■ WHAT TO DO
Taking the listing below, restate word for word each line from the line with "Monesterio cerró 2.020" to the line with "Sæt med farvede", ends included, and stop there.

■ DATASET
════════════════
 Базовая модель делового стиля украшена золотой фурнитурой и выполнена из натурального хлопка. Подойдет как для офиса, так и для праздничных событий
════════════════
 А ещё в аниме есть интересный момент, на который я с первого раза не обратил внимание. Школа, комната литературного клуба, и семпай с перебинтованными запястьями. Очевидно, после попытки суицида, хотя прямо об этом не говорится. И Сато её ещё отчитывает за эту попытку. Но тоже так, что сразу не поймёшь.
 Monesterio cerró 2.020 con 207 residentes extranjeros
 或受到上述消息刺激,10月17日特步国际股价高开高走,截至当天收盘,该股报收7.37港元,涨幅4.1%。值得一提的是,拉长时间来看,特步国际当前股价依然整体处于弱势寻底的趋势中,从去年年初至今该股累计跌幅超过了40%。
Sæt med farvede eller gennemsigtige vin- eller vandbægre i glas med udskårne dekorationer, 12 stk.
════════════════
■ RESPONSE
 Monesterio cerró 2.020 con 207 residentes extranjeros
 或受到上述消息刺激,10月17日特步国际股价高开高走,截至当天收盘,该股报收7.37港元,涨幅4.1%。值得一提的是,拉长时间来看,特步国际当前股价依然整体处于弱势寻底的趋势中,从去年年初至今该股累计跌幅超过了40%。
Sæt med farvede eller gennemsigtige vin- eller vandbægre i glas med udskårne dekorationer, 12 stk.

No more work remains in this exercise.